## [AIM OF THE EXERCISE]
I'd like the entries reproduced exactly, with all pictures omitted.

## [DATA SHOWN]
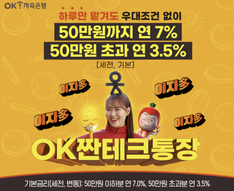 | 1 | OK저축은행 | OK짠테크통장 | 7.0% | 50만 원 이하 | 매월 | 없음 |
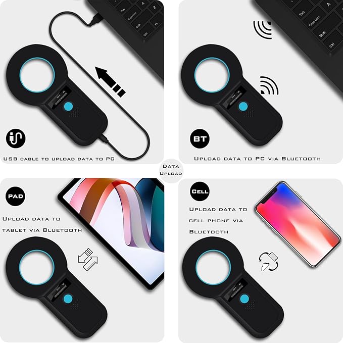Smoostart Bluetooth Microchip Scanner, 1000 Records Increased Huge Data Storage Upload to PC & Mobile Phone, Scanning Distance and Speed Increase, Compatible with FDX-B/EMID Microchips
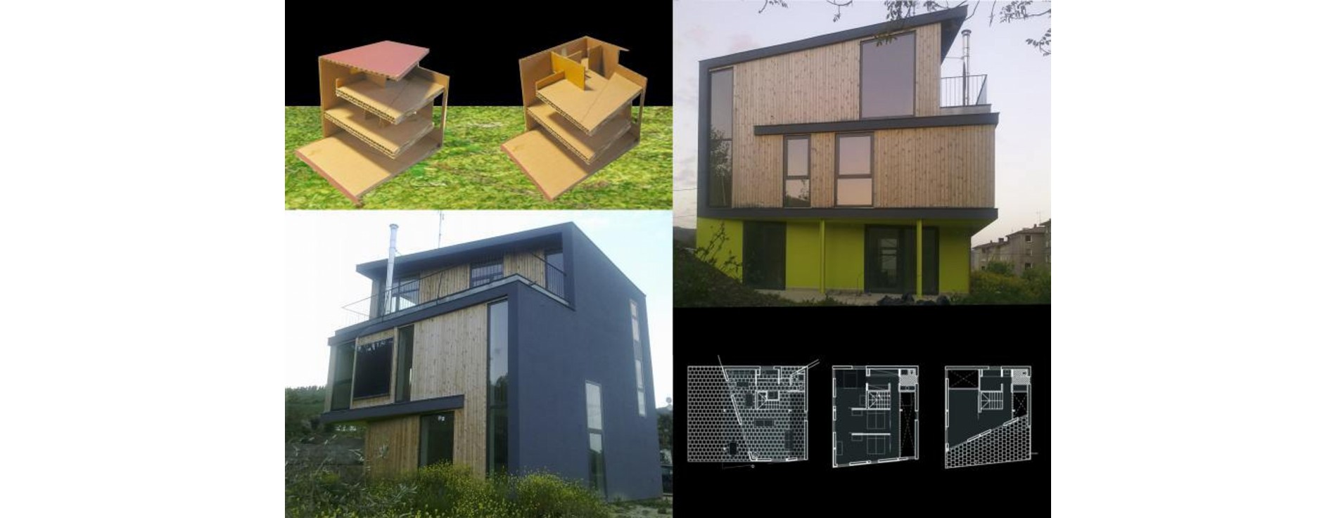 características: La casa toma posición en el lugar cerrándose al norte y al este, potenciando los valores de unidad de la construcción tradicional. Buscamos la variedad al sur y al oeste mediante la creación de pequeños espacios exteriores asimilados dentro de la propia estructura formal de la vivienda. El plano doblado, como elemento de composición de la vivienda, crea hendiduras para conquistar el aire.
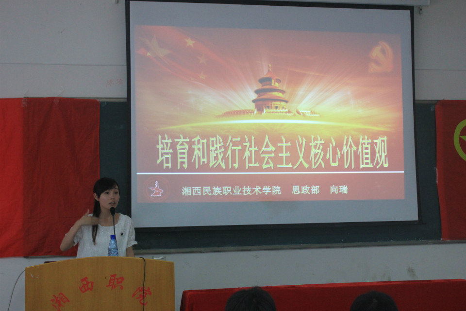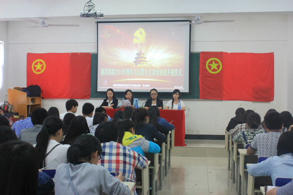 开班仪式上,院团委负责人王丹子宣读了《湘西职院青年马克思主义者培养工程实施方案》,并为学院青年马克思主义者培训班授旗;思政部主任熊谟菊对本次培训班开班表示热烈的祝贺,希望同学们能学有所悟、学有所成、学有所获,从而成长为中国特色社会主义事业的合格建设者和可靠接班人打下坚实的基础。随后,思政部优秀青年教师向瑞为同学们带来了以“培养和践行社会主义核心价值观”为主题的精彩讲课。
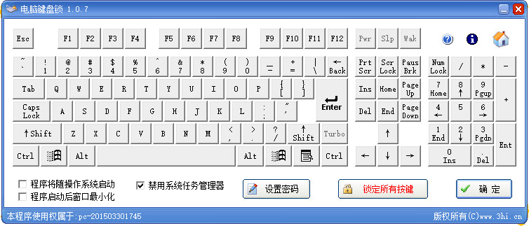 2、本程序对电脑键盘上的“Power”、“Sleep”、“WakeUp”等按键的锁定可能无效。如果要锁定或解锁包括以上按键的整个键盘,可按下键盘上的“KeyLock”键或同时按下“Turbo”键和“F11”键(在用户的键盘上有“KeyLock”键或“Turbo”键的情况下)。
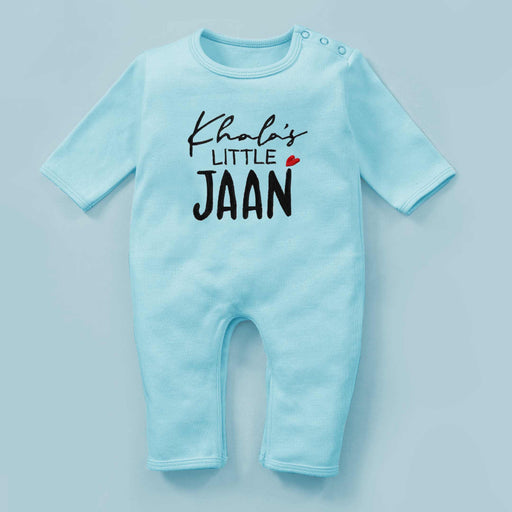 Introducing our Khala's Little Jaan Embroidered Baby Romper! This adorable outfit features delicate embroidery with the sweet phrase "Khala's Littl...

## [THE ANSWER]
 | 1 | OK저축은행 | OK짠테크통장 | 7.0% | 50만 원 이하 | 매월 | 없음 |
Smoostart Bluetooth Microchip Scanner, 1000 Records Increased Huge Data Storage Upload to PC & Mobile Phone, Scanning Distance and Speed Increase, Compatible with FDX-B/EMID Microchips
 características: La casa toma posición en el lugar cerrándose al norte y al este, potenciando los valores de unidad de la construcción tradicional. Buscamos la variedad al sur y al oeste mediante la creación de pequeños espacios exteriores asimilados dentro de la propia estructura formal de la vivienda. El plano doblado, como elemento de composición de la vivienda, crea hendiduras para conquistar el aire.
 开班仪式上,院团委负责人王丹子宣读了《湘西职院青年马克思主义者培养工程实施方案》,并为学院青年马克思主义者培训班授旗;思政部主任熊谟菊对本次培训班开班表示热烈的祝贺,希望同学们能学有所悟、学有所成、学有所获,从而成长为中国特色社会主义事业的合格建设者和可靠接班人打下坚实的基础。随后,思政部优秀青年教师向瑞为同学们带来了以“培养和践行社会主义核心价值观”为主题的精彩讲课。
 2、本程序对电脑键盘上的“Power”、“Sleep”、“WakeUp”等按键的锁定可能无效。如果要锁定或解锁包括以上按键的整个键盘,可按下键盘上的“KeyLock”键或同时按下“Turbo”键和“F11”键(在用户的键盘上有“KeyLock”键或“Turbo”键的情况下)。
 Introducing our Khala's Little Jaan Embroidered Baby Romper! This adorable outfit features delicate embroidery with the sweet phrase "Khala's Littl...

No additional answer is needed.